For antibody inhibition assays, spiroplasmas were pre-incubated with anti-spiralin PAbs or anti-fibril PAbs (recognizing the cytoplasmic fibril protein) at 32°C for 1 h before being added to the Ciha-1 cells pre-treated with 5 μg ml−1 cytochalasin D for 1 h. Rabbit anti-fibril PAbs were kindly provided by Dr D.L. Williamson, State University of New York, USA. For binding competitive assays, Ciha-1 cells were treated with 5 μg ml−1 cytochalasin D for 1 h, and then incubated at 32°C for 1 h with various concentrations of purified spiralin, or 20 μg ml−1 of the selected lectin (Vector Laboratories, Nanterre, France) before being inoculated with spiroplasmas. In this case, cytochalasin D was maintained in the medium during incubation of Ciha-1 cells with spiralin or lectin, and during further incubation with spiroplasmas. The number of cells with associated spiroplasmas was determined 3 h post infection. The relative percentages of cells with adherent spiroplasmas and infected cells were calculated for each strain, separately. Each experiment was performed in four distinct wells and was repeated four times.

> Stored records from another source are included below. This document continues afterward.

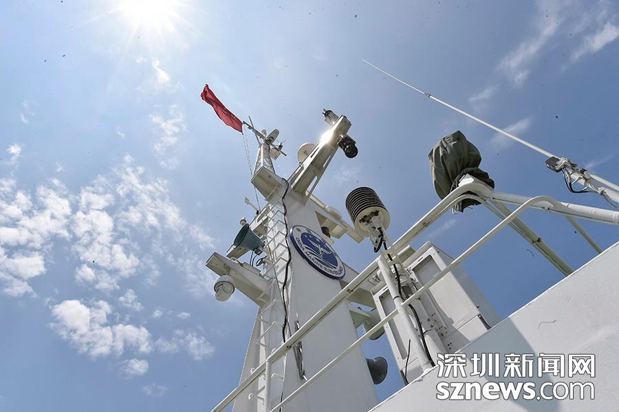 海監(jiān)船頂,五星紅旗迎風飄揚
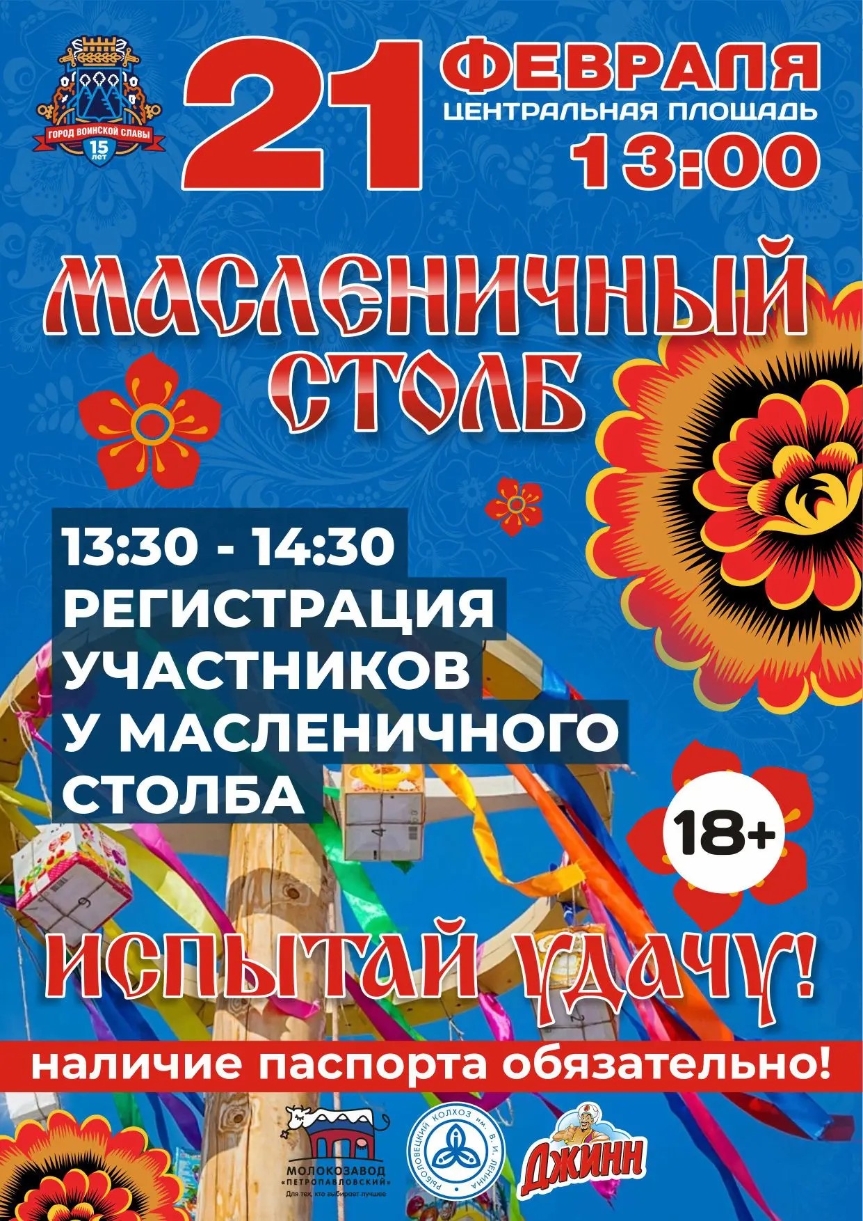 В 15:00 на территории площади у стелы «Город воинской славы» состоится насыщенная концертно-игровая программа «Масленичный разгуляй» с молодецкими забавами, хороводами, играми.
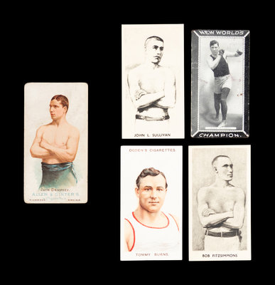 comprising of an 1887 N28 Allen & Ginter Jack Dempsey (nonpareil), 1915 Ogden's Cigarettes Tommy Burns No. 4, 1915 Cope Bros. & Co. Jess Willard and 1938 Cartledge Razor John L. Sullivan No. 18 and Bob Fitzsimmons. Conditions average GOOD to EX. Acceptable for grading.
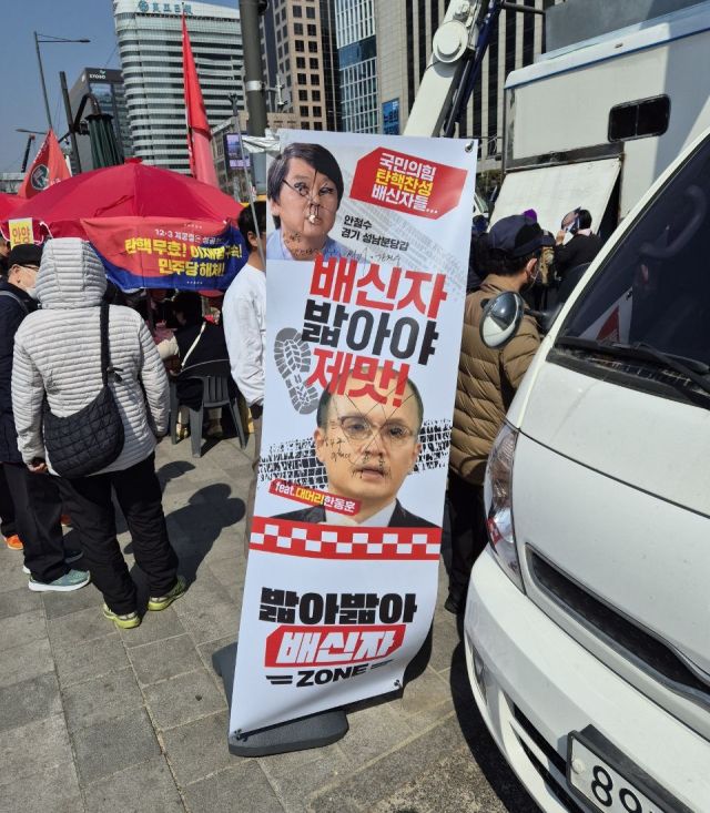 한동훈 전 국민의힘 대표를 성토하는 이들도 보였다. 검은 색 제복을 입은 한 사람은 지나는 이들에게 "배신자의 특징은 탈모가 오는 것"이라고 말했다. 국민의힘 안철수 의원과 한 전 대표의 사진을 붙이고 "배신자 밟아야 제맛"이라고 적힌 입간판을 세워둔 이들도 있었다.
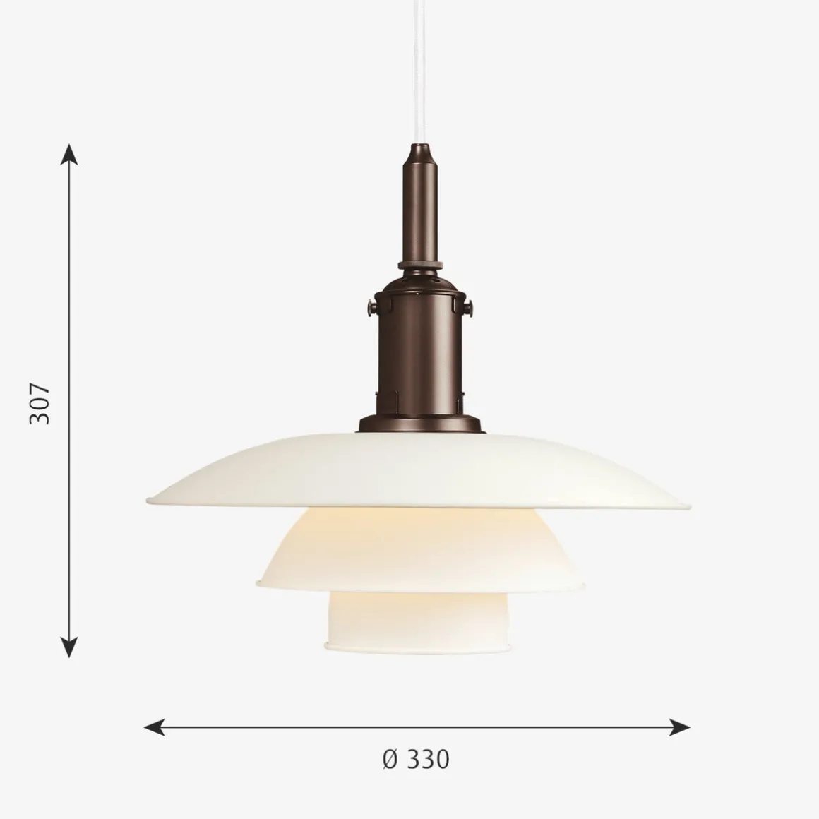 - Materiale: Skjermer: Munnblåst, hvitt opalt glass. Oppheng: metallisert messing, ekstrudert aluminium.
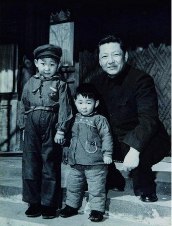 1958年,习仲勋与儿子习近平、习远平在一起。
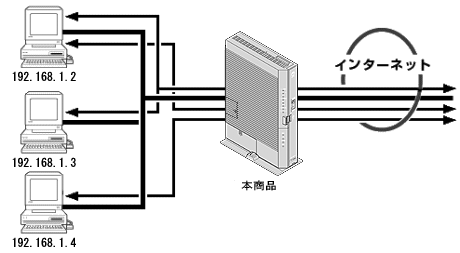 LAN側からWAN側へのパケットのうち、上記の「接続ルール設定」で設定した条件と一致するパケットおよびその応答パケットは、その条件の一致したセッションのアカウントを使って接続します。
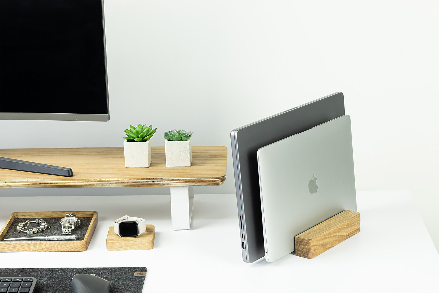 Indem Sie Ihren Laptop/Ihr Tablet vertikal aufbewahren, sparen Sie Platz auf Ihrem Schreibtisch!
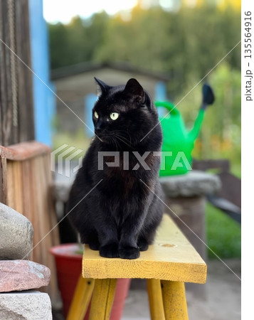 A sleek black cat perches thoughtfully on a yellow bench, its bright green eyes surveying the rustic garden backdrop, blending elegance with curious observation
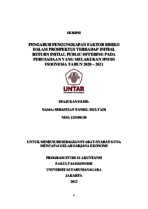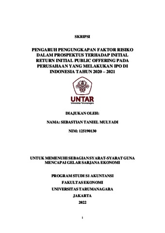 Taniel, Sebastian (2022) PENGARUH PENGUNGKAPAN FAKTOR RISIKO DALAM PROSPEKTUS TERHADAP INITIAL RETURN INITIAL PUBLIC OFFERING PADA PERUSAHAAN YANG MELAKUKAN IPO DI INDONESIA TAHUN 2020 – 2021. Skripsi thesis, Universitas Tarumanagara.
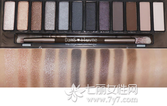 共有12个颜色,主要以比较适合烟熏妆的暗色调为主,当然也有适合做阴影和高光的颜色。
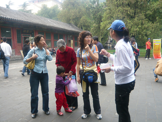 志愿者为游客做导游
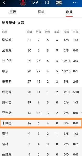 火箭老将卡佩拉真是便宜又好用!在今天火箭客场以129:101大胜爵士的比赛中,卡佩拉再次打出了非常高效的表现。 全场比赛下来,卡佩拉替补出战14分钟,投篮4中3非常高效的得到6分4篮板1抢断2盖帽。 今天火箭客场揍翻爵士的比赛里,卡佩拉又让球迷见识了什么叫“性价比天花板”。 14分钟替补出场,4投3中拿6分4篮板,还顺手摘了1抢断2盖帽,防守端那两下封盖直接把爵士的内线冲击摁了下去,这表现看得人直拍大腿。 可能年轻球迷不太熟,这位31岁的瑞士高塔可是火箭老熟人了。 2014年首轮25顺位被火箭选中,当年跟着哈登、保罗打西部决赛,“饼皇”的绰号可不是白来的——挡拆顺下接空接的活儿练得比谁都熟,巅峰赛季在火箭拿过场均16.6分12.7篮板的两双数据,后来去老鹰还当过联盟篮板王。 今年夏天火箭用三年2150万把他签回来,算下来场均薪水下720万,这价格在现在的NBA简直跟白捡一样。 这么说吧,这份合同有多值?火箭总经理斯通自己都承认,卡佩拉的市场价至少该是千万级别的。 主要是他在老鹰被年轻的奥孔武顶掉了首发,出场时间被压缩,才给了火箭捡漏的机会。 别看他现在打第三中锋,真要拉出来,在联盟一半的球队都能稳坐首发。 他的“好用”从来不是靠花哨技巧,全是实打实的硬功夫,进攻端不用占球权,只要队友能传好球,他顺下吃饼的效率还是联盟顶级。 防守端更不用说,身高力量摆在那儿,卡位、护框、抢篮板是一条链的稳定,之前赢勇士那场,他18分钟抢12个篮板,正负值+16,直接成了取胜关键。 为啥能做到又便宜又好用?一方面是市场时机赶得好,老鹰要年轻化,他想走,火箭刚好缺内线保险,两边一拍即合。 另一方面是他对火箭太熟了,不用磨合就能插进体系,教练组喊一声战术,他立马知道该往哪儿跑、往哪儿站。 而且他这打法不靠手感,靠的是站位和习惯,31岁的年纪状态一点没下滑,每22分钟还是能交出接近两双的产出。 对火箭来说,这钱花得太值了,亚当斯常年有伤病风险,申京也需要轮休,卡佩拉就是最靠谱的替补。 不用占用太多薪资空间,还能在强对抗比赛里顶内线、在关键回合补防守,这种即插即用的老将,在漫长赛季里太重要了,今天打爵士这14分钟的表现,不过是他性价比的又一次兑现而已。 以上都是个人观点,对此您有什么不同的看法,可以在评论区留言讨论!!!
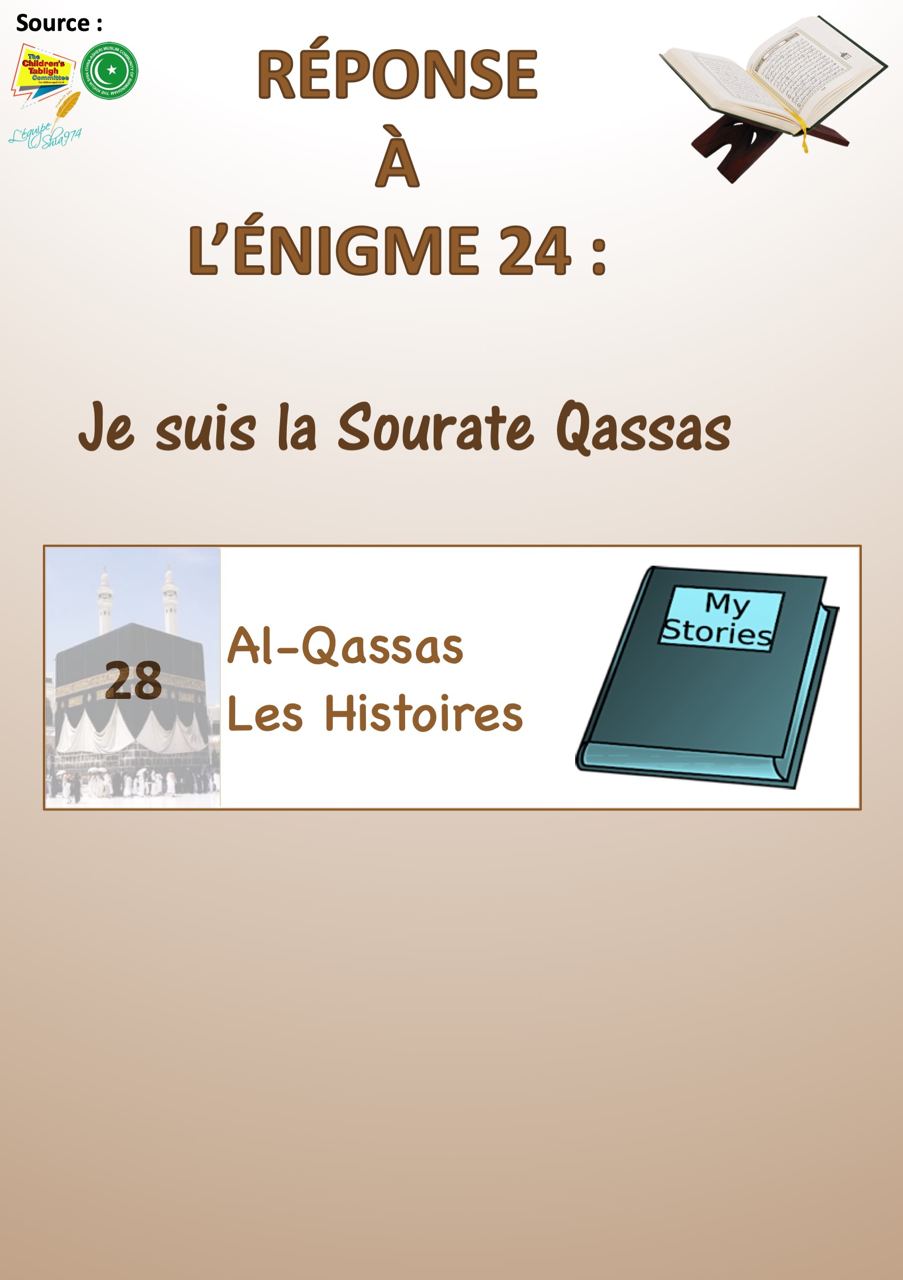 Réponse de l’énigme n° 24 sur les Sourates du Saint Qour’an
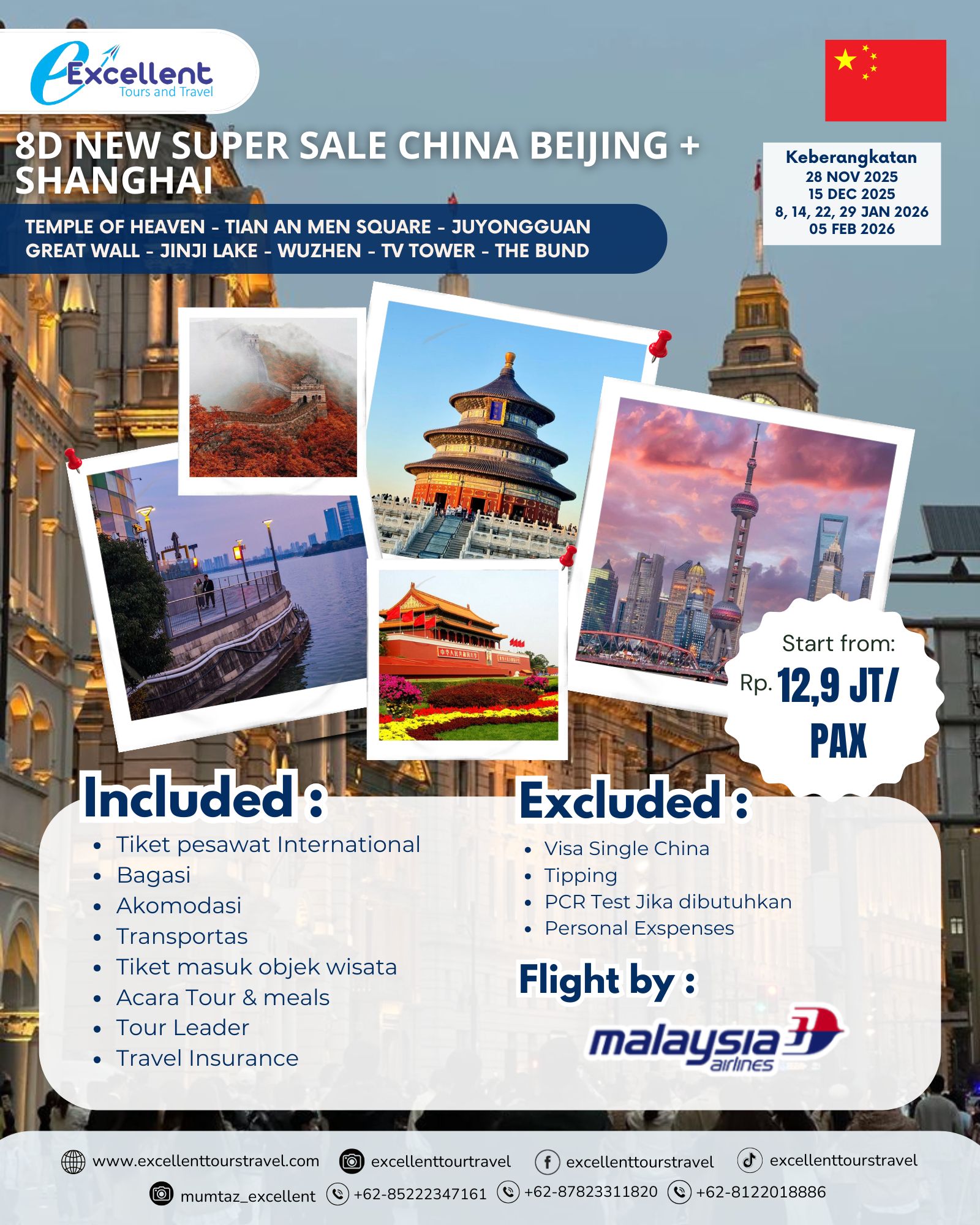 TEMPLE OF HEAVEN – TIAN AN MEN SQUARE – JUYONGGUAN GREAT WALL – jinJI LAKE – WUZHEN – TV TOWER – THE BUND ✨ Jelajahi Keajaiban Negeri Tirai Bambu! 🇨🇳Dari megahnya The Great Wall, sampai suasana modern di Shanghai — semua bisa kamu temukan dalam satu perjalanan tak terlupakan! 🏯🌆…
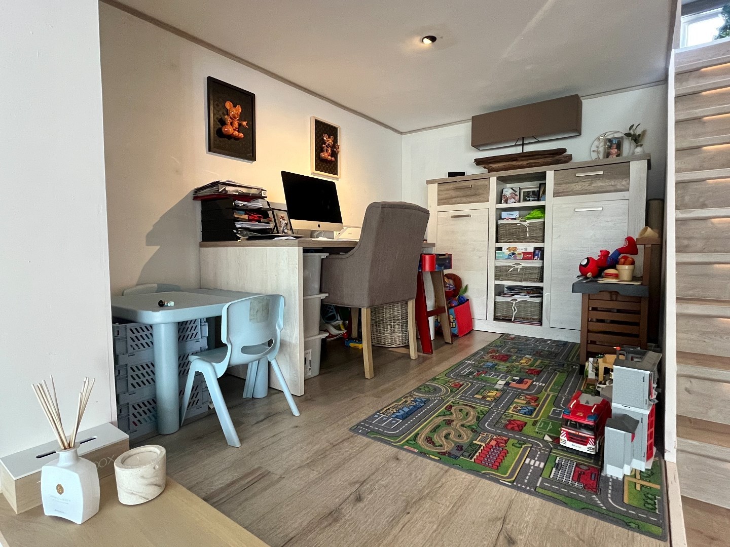 Verder kom je in de open en lichtrijke leefruimte, die overgaat in de moderne keuken met kookeiland. Vanuit de leefruimte heb je een mooi zicht op de diepe tuin. Aansluitend aan de leefruimte is er een aparte bureauruimte, ideaal voor thuiswerk of hobby.
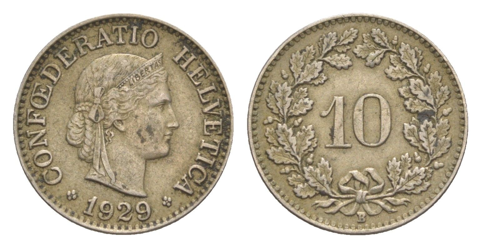 Швейцария 10 раппенов 1929 B KM 27 медно-никель 4627-1055
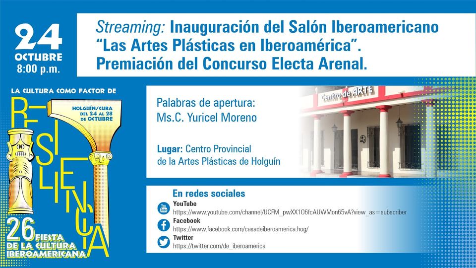 8:00 PM.- Streaming: Inauguración del Salón Iberoamericano “Las Artes Plásticas en Iberoamérica”. Palabras de apertura por la Ms.C. Yuricel Moreno. Premiación del Concurso Electa Arenal.
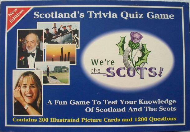From the box: "Scotland's Trivia Quiz Game. A Fun Game To Test Your Knowledge Of Scotland And The Scots." We're the Scots! can be played either by individuals competing against one another, or teams of players competing against one another. ... Play commences with the first questioner (the player on the immediate right of the starting player) drawing the...
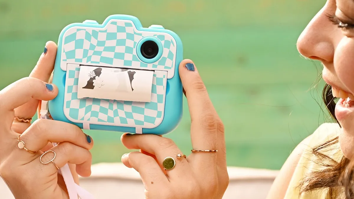 – Indeholder: 1 polaroidkamera, 4 papirruller, 1 klistermærkeark, 4 tusser, 1 opladekabel, 1 brugsvejledning.
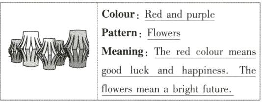 请你准备好所需材料,参考任务2中的步骤做一个简易花灯。完成后,在空白处粘贴花灯照片并用英语简单描述它。
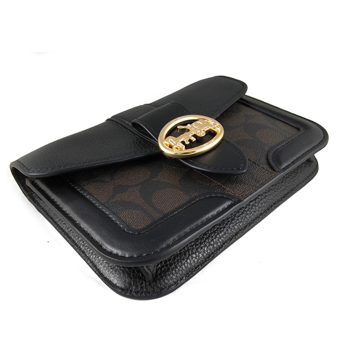 COACH 咖黑色馬車防潑水LOGO掀蓋式鏈帶斜背包。內有一拉鍊袋/3內袋/8個卡片層及一外袋設計,搭配可調整斜背帶,一包在手保證讓您整體造型更加完美。

Coated latex beads binding assays

The yellow-green fluorescent and carboxylate-modified latex beads (4 × 109 beads of 1 μm diameter) (Sigma-Aldrich) were covalently coated with 64 μg of recombinant spiralin or BSA according to the supplier's instructions. About 105 Ciha-1 cells cultivated on coverslips in 24-well plates were incubated with 2·106 coated latex beads in Schneider's Drosophila medium for 1 h at 32°C. All further steps were carried out at room temperature. After three washes in 0.5 ml Schneider's Drosophila medium for 5 min, the cells were fixed for 15 min with 4% paraformaldehyde in PBS and the spiralin-coated beads were incubated with anti-spiralin PAbs diluted 1:500 in PBS-BSA solution (PBS containing 1% BSA) for 30 min. After three washes with PBS, the cells were incubated for 30 min with Alexa 633-conjugated goat anti-rabbit antibodies (Thermo Fisher Scientific) diluted 1:200 in PBS-BSA buffer. After the cell nuclei were stained with 1 μg ml−1 DAPI for 5 min (for cell counting) the samples were mounted in the anti-fading ProLong Gold Reagent (Thermo Fisher Scientific) and immunofluorescent samples were analysed with a fluorescence microscope (Nikon Eclipse E800) at 40× magnification. For each experiment 20 to 25 fields with approximately 100 cells per field were observed randomly. The area of single beads was calculated field by field from confocal stack projections for each acquisition with the free software package ImageJ (http://imagej.nih.gov/ij/). The average area of the beads was used to calculate the number of beads per field that was then divided by the number of cells per field.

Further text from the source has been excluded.